I had pelvic and abdominal ultrasounds this morning. Not as easy as I thought they were going to be. First, you can’t eat for 8 hours before the exams. At least I had mine at 8:30 this morning, so not too bad. That’s only for the abdominal exam, however. After that one (easy peasy), you have to go eat a bit and drink 40 oz or more of liquids to make your bladder full. I sat in the cafeteria and chugged water (and coffee…) and ate a yogurt parfait. (Hospital cafeterias are sad.)

After a while of drinking and reading, its back up to the radiology department. The first pelvic ultrasound was easy enough other than the pressure on my bladder – you’re not allowed to pee! However, there was a third exam I had to do that I wasn’t made aware of before this morning – another pelvic ultrasound that is more invasive for women.

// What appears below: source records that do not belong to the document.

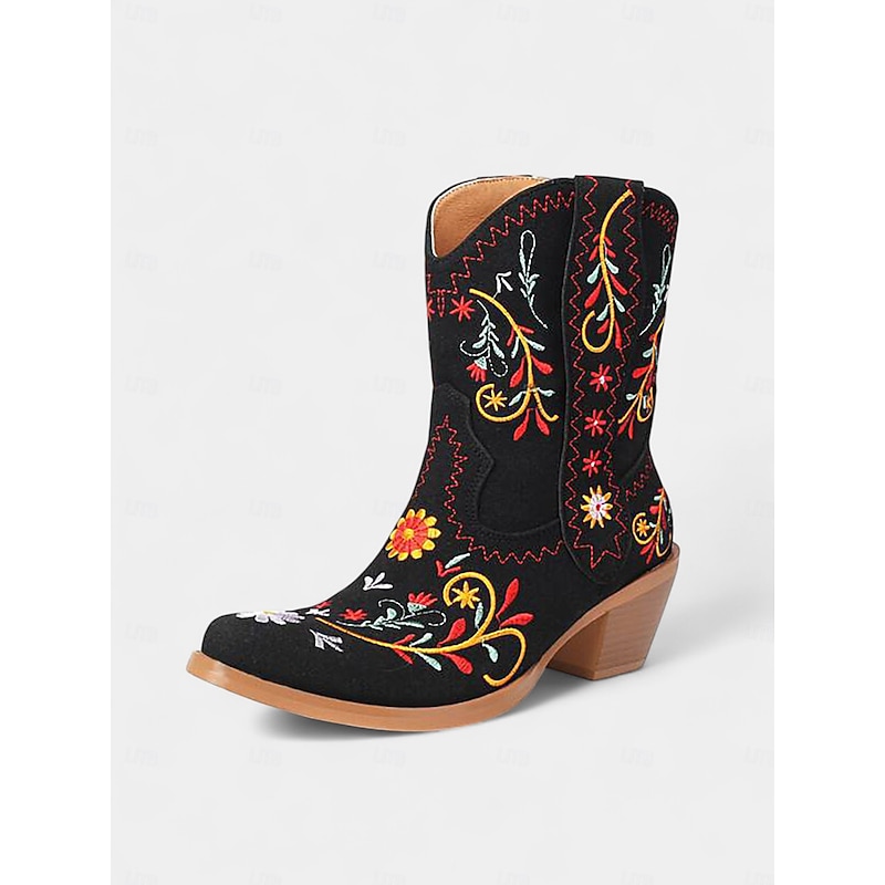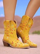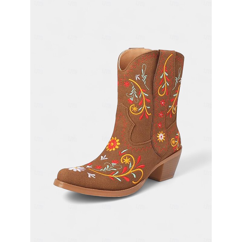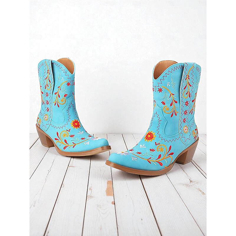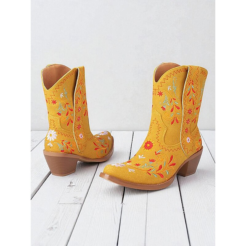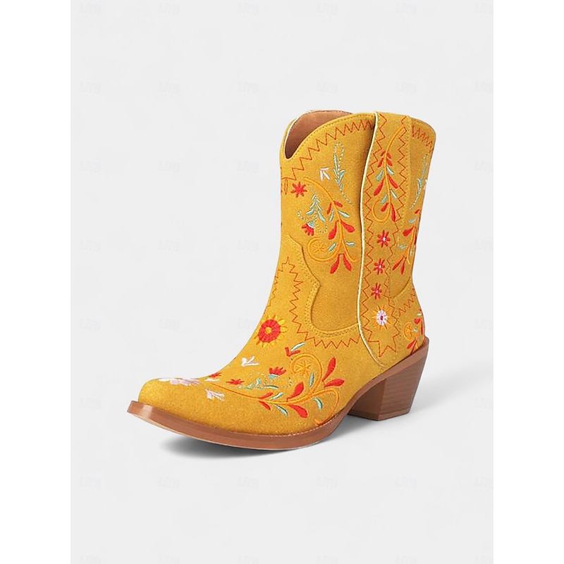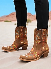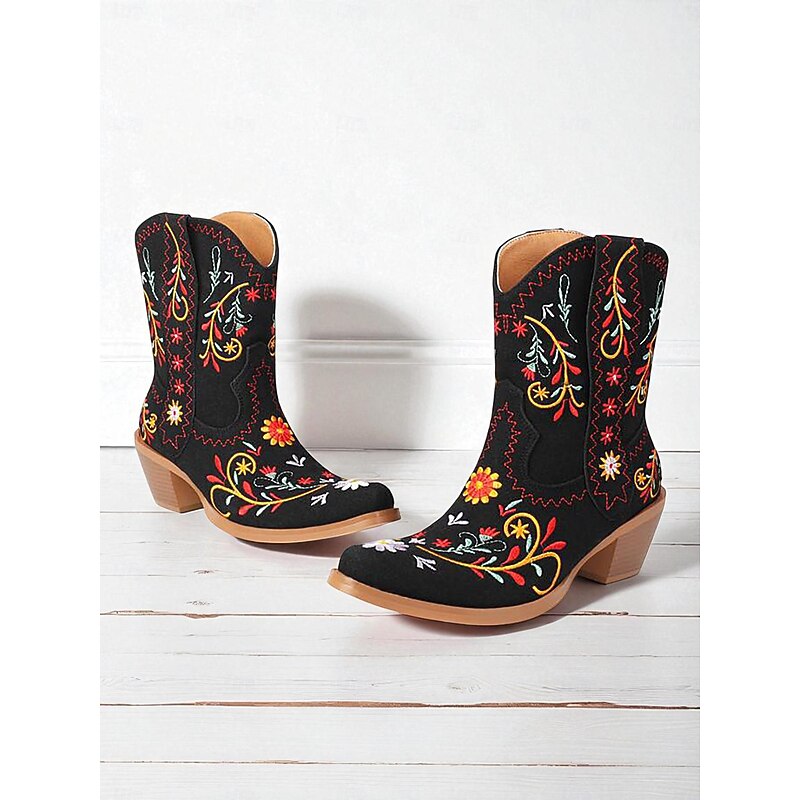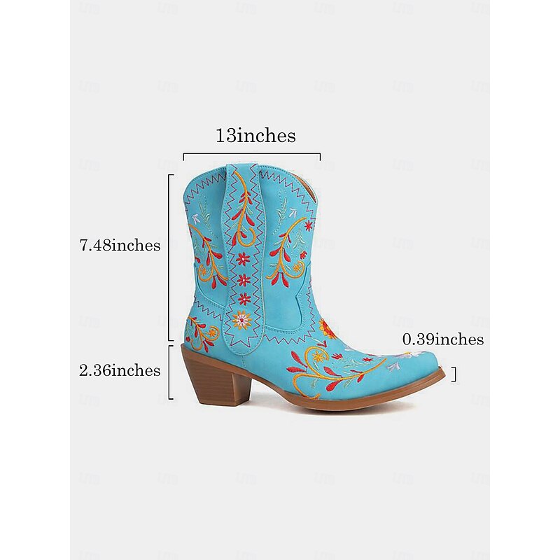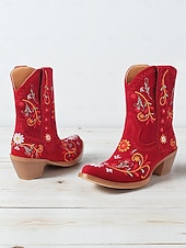 More information about Women's Red Embroidered Western Cowboy Mid-Calf Boots with Block Heel, Stylish Vintage Rodeo Cowgirl Booties for Festivals, Parties & Country Concerts
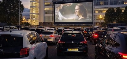 Film kijken vanuit de auto tijdens Cinair Drive-In Cinema bij de Van Nelle Fabriek
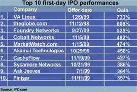 诸如Pets.com这样的公司,在一年内完成了从公司注册到IPO的过程,几乎每一次IPO都会爆发,每家公司在第一天的平均涨幅达到了68%。投资科技公司的首次公开募股,被广泛认为是一个简单的赚钱之道。互联网派对的现象遍布整个硅谷,那些与创始人关系密切的人,通常会得到“朋友和家人”的崇拜。
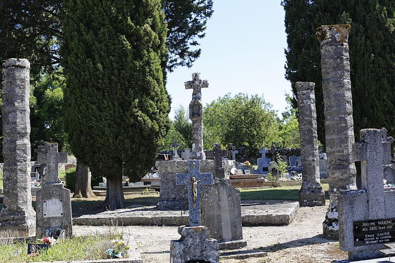 Le cimetière abrite une croix de pierre ornée d'une petite niche taillée dans le même bloc et en saillie, destinée à recevoir une statue aujourd'hui disparue. La figure du Christ est sculptée au‑dessus. L'autel sur lequel se célébrait l'office du jour des défunts, formé de deux blocs superposés, sert de base à la croix. À distance, aux quatre coins d'un rectangle, se dressent des colonnes circulaires pourvues de bases et de chapiteaux, qui soutenaient vraisemblablement une toiture. Dans ce même espace se trouve un tombeau du XVe siècle : un petit édifice de plan rectangulaire dont l'une des faces est creusée d'une large cavité, dont l'arc en tiers‑point se prolonge à l'intérieur par une petite voûte en berceau. La toiture à deux pentes est constituée de dalles de pierre. Ce type de tombeau est assez rare.

Interesting how I was unaware of this more invasive diagnostic. Who was supposed to alert me to this? My physician who ordered the test, the radiology secretary who calls to tell me how to prepare for the procedure, or the person that did my first test, who mentioned three tests, but I didn’t understand what this meant? Or, is it on me because I didn’t research the procedure on the internet like I usually do? I have had multiple ultrasound tests – mainly echocardiograms – ultrasound of the heart – so I didn’t think twice about having these done. I thought that the ultrasound is performed only on top of the skin. Little did I know, it’s not.

But that’s how it usually is when it comes to the patient’s knowledge. We, the patients, are sometimes encouraged to ask questions, at least we see this on 8.5 x 11 paper signs in some hospitals and medical centers, but not many physicians or test technicians really suggest this. The test is performed on us, to us, and we lie back and witness the technicians chatting about our “cute ovaries” above us: “left, right, left, right” moving the probe back and forth from the inside.

There is not much dignity to be had while lying back on an examination table wearing an open robe. Staring at the ceiling. At least the lights are dimmed in ultrasound labs.